In her three years as mayor, Holmes-Ross made headlines for abusive behaviour towards her fellow councillors, her council's “progressive” positions, and some unprecedented attacks on Australian tradition.
A telephone survey commissioned by ADVANCE found that 72 per cent of voters knew of Mayor Holmes-Ross. And of that 72 per cent, two thirds said her record on Australia Day, Christmas and abusive language would make them less likely to vote for her.
So what does her record look like?
Holmes-Ross’ first act as Mayor was to apologise to the previous mayor, Glenn Spear for “inappropriate” posts made on Facebook. As reported in the The Advertiser, Holmes-Ross believed she was able to say whatever she liked as a candidate, with certain language off limits for her opponent, only becoming inappropriate after she was elected.
“These were social media posts that I made as a candidate,” Dr Holmes-Ross said.“And once I was elected as mayor they became totally inappropriate and unbecoming of my position.”
The mayor said both posts have now been removed but apologised for “not removing them sooner”.
“I’m really sorry if they have caused you any distress,” she added.
Despite this on her recent record, Holmes-Ross says she’s running on a platform of accountability for politicians.
“Our politicians should be role models for society, however recently reported behaviour of both state and federal politicians has shown that antisocial and dishonest behaviour is both rampant and accepted in our parliaments.
I … will advocate for the highest standards of personal behaviour and a safe, fair and equitable workplace for all.”
Also, in 2019 the newly appointed Mayor advocated for a single rate rise of 4.5 per cent, more than 3.4 times higher than the rate of inflation. The mayor said she would use the money to fight climate change… with drinking fountains.
“That would contribute to addressing the impact of climate change through increased tree planting, flood proofing and providing drinking fountains, as well as improving safety through a number of local traffic improvements”.
On an absolute roll in her first few months, Mayor Holmes-Ross and her council then moved to cancel the city’s annual Christmas carols event.
Without any consultation from the community the decision was made in July citing the event was “too religious”. It was met with fierce opposition from some councillors and current Member for Waite, Sam Duluk. According to Nine News;
“Council has really lost the plot, political correctness, they want to destroy culture,” Mr Duluk said. “Let people sing carols, let people come together and Mitcham Council stop being the Grinch that's stealing Christmas.”
But taking a swipe at Christmas wasn’t enough for the Mayor, who in 2021 pushed her council to change the date of Australia Day, with Mitcham Council becoming the first Australian council to officially oppose the date of Australia Day.
An Adelaide council has decided that Australia Day should not be held on January 26 and will lobby politicians for the date of the national celebration to be changed.

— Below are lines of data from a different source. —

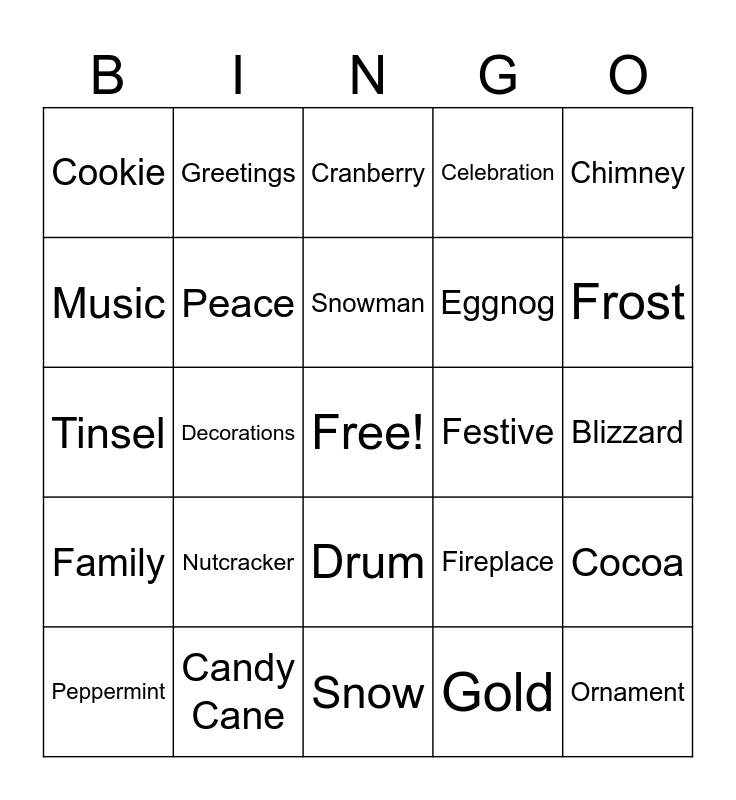 This bingo card has a free space and 70 words: Bells, Blizzard, Bow, Candle, Candy Cane, Carol, Celebration, Challah, Chimney, Chocolate, Cocoa, Comet, Cookie, Cranberry, December, Decorations, Drum, Eggnog, Evergreen, Family, Festive, Fireplace, Frost, Garland, Gelt, Gift, Gingerbread, Glitter, Gold, Goodwill, Greetings, Holly, Icicle, Joy, Lights, Magic, Menorah, Merry, Mittens, Music, North Pole, Nutcracker, Ornament, Package, Pageant, Peace, Peppermint, Pine, Poinsettia, Presents, Reindeer, Ribbon, Scarf, Silver, Snow, Snowflake, Snowman, Star, Stocking, Sweater, Tinsel, Toys, Tradition, Tree, Twinkle, Warmth, Winter, Wish, Wreath and Wrapping.
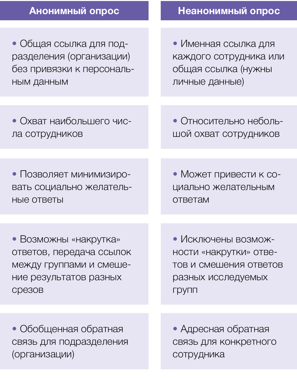 Первый этап – подготовка. Здесь важно определить цели, целевую аудиторию, количество и содержание вопросов в анкете, выбрать ключевые «настройки» опроса. Одна из таких «настроек» – анонимность. Используемая «Кадровыми сервисами Правительства Москвы» система позволяет собирать ответы сотрудников как анонимно, так и с указанием персональных данных. Нельзя утверждать, что в любой ситуации лучшим вариантом будет анонимный или, наоборот, неанонимный опрос. При выборе необходимо взвесить все возможности и ограничения обоих вариантов (рис. 1). На практике используется также вариант частично анонимного опроса, когда персональные данные респондента не запрашиваются, но исследователь знает такие его характеристики, как подразделение, пол, стаж, возраст, уровень должности.
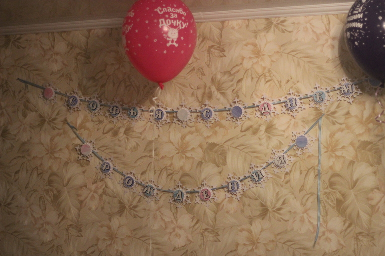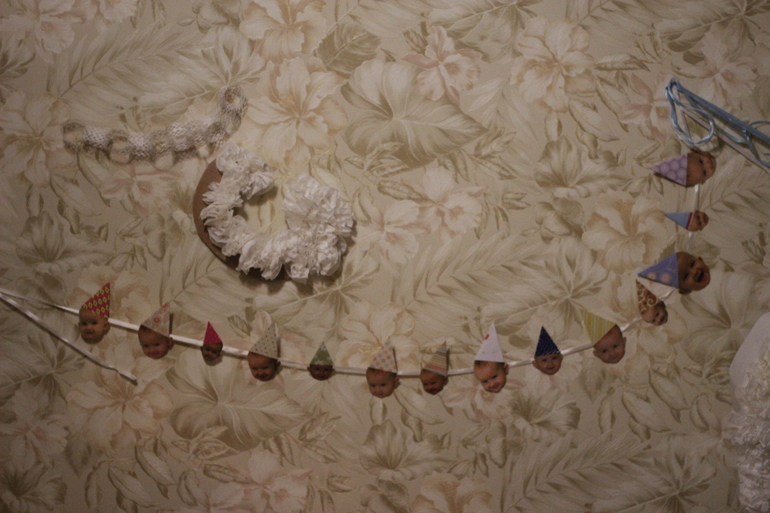 гирлянда с Софиными моськами (предлагала гостям найти количество портретов именинницы среди прортретов разных малышей все справились, хотя искали подвох))
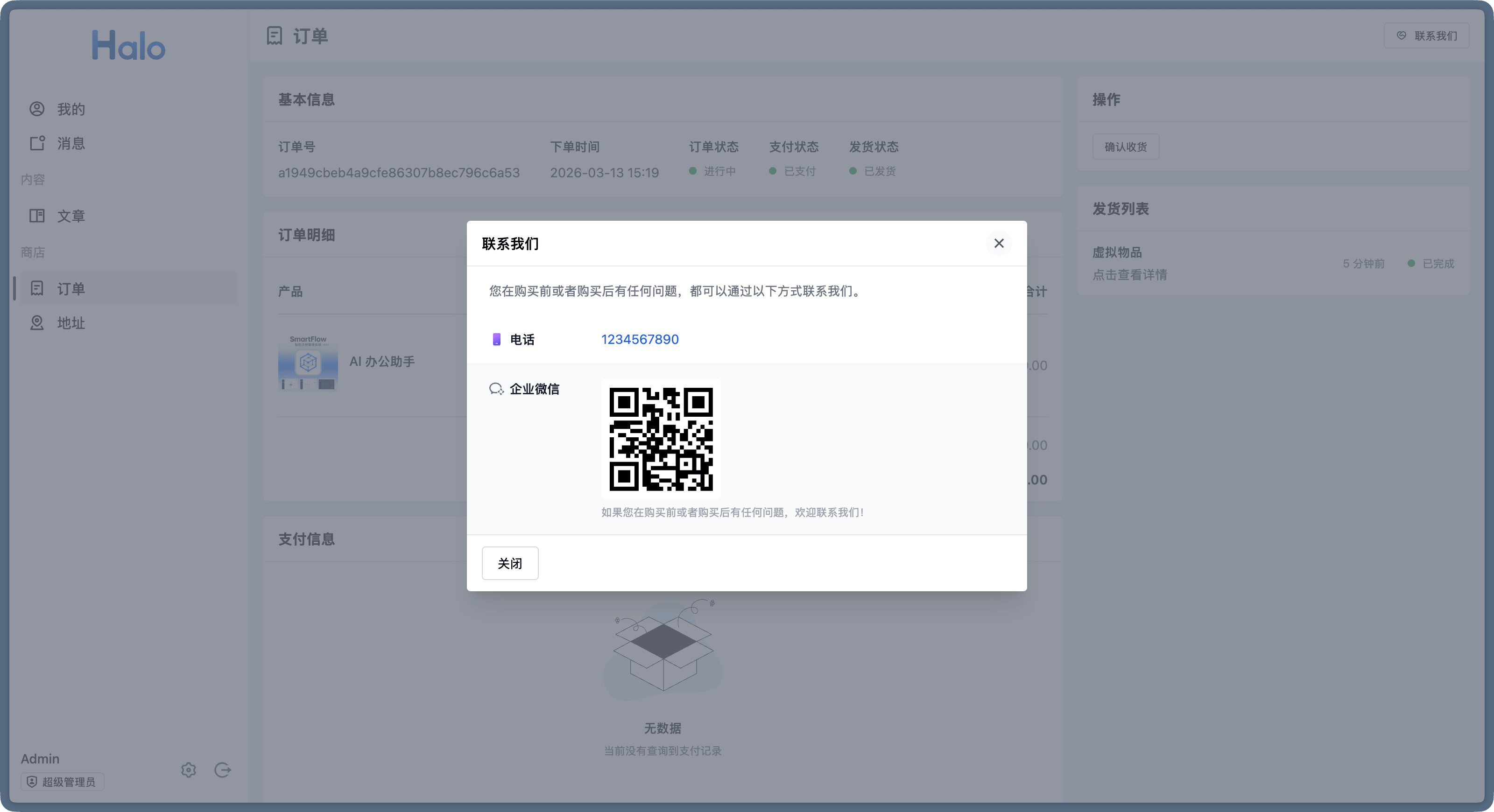 在 Halo 商业版 2.23 中,我们为商店添加了联系信息设置,方便客户在需要的时候联系网站运营人员。
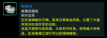 活动期间,侠士完成每日大战秘境日常,“明争暗斗夺物资”马嵬驿阵营日常及洛阳、长安战乱场景茶馆日常,即可获得1枚【峥嵘佩】;完成“天欲倾兮挽狂澜”活动日常,将会获得3枚【峥嵘佩】。
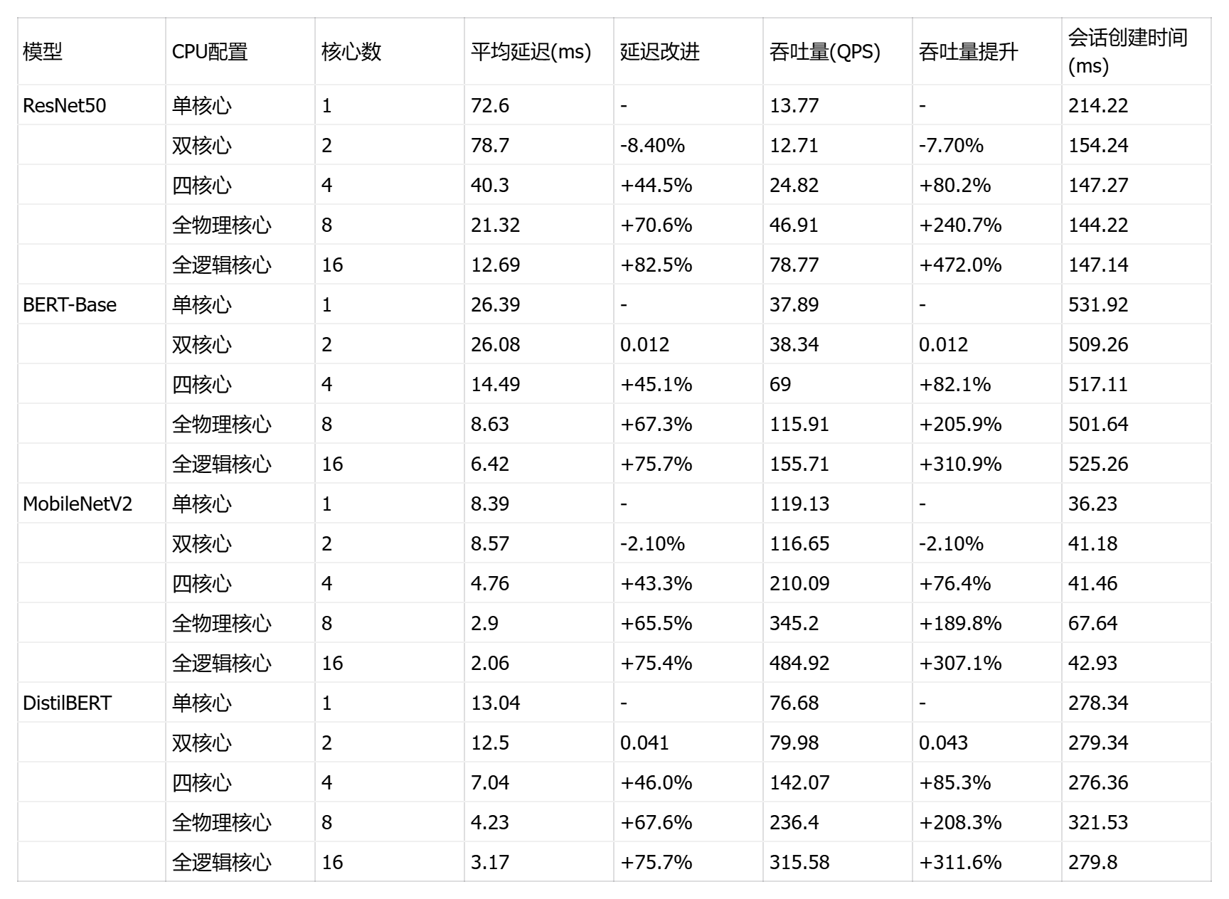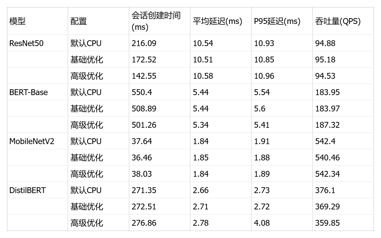 本研究系统测试了 ONNX Runtime 在 openEuler 22.03 LTS 上的性能表现。
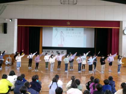 3年生が来年伝統芸能を体験する2年生にどんな演技があるかを披露しました。

The council has voted to “advocate for a change of the date to recognise and celebrate Australia as a nation” after a push from Dr Holmes-Ross to back the “change the date” movement.
However, in an attempt to pull off a win-win and appease both sides of the debate, the mayor said council will still hold events and celebrate on the day.
But, despite Mitcham Council’s new policy, Mayor Heather Holmes-Ross says the council will continue to hold events on that date because “we’re not happy with it, but we still wish to celebrate Australia as a nation”.
Dr Holmes-Ross said she felt “comfortable with the council holding events on Australia Day, but I don’t feel comfortable with the date of Australia Day”.
She said she believed most people felt Australia Day was “marred by its historical context”.
Holmes-Ross justified the move by saying it was absolutely the council’s responsibility to advocate for the date to be changed because “we are the closest level of government to the people, so if there are thoughts within the community … it’s our job to pass them on to different levels of government”.
Despite her claim that “she believed most people” felt that way and that there are “thoughts within the community”, the move faced criticism from other members of council who said it was a “feel good” proposal that lacked substance and was pushed through “without even consulting the community”.
South Australians will go to the polls on Saturday March 19, 2022.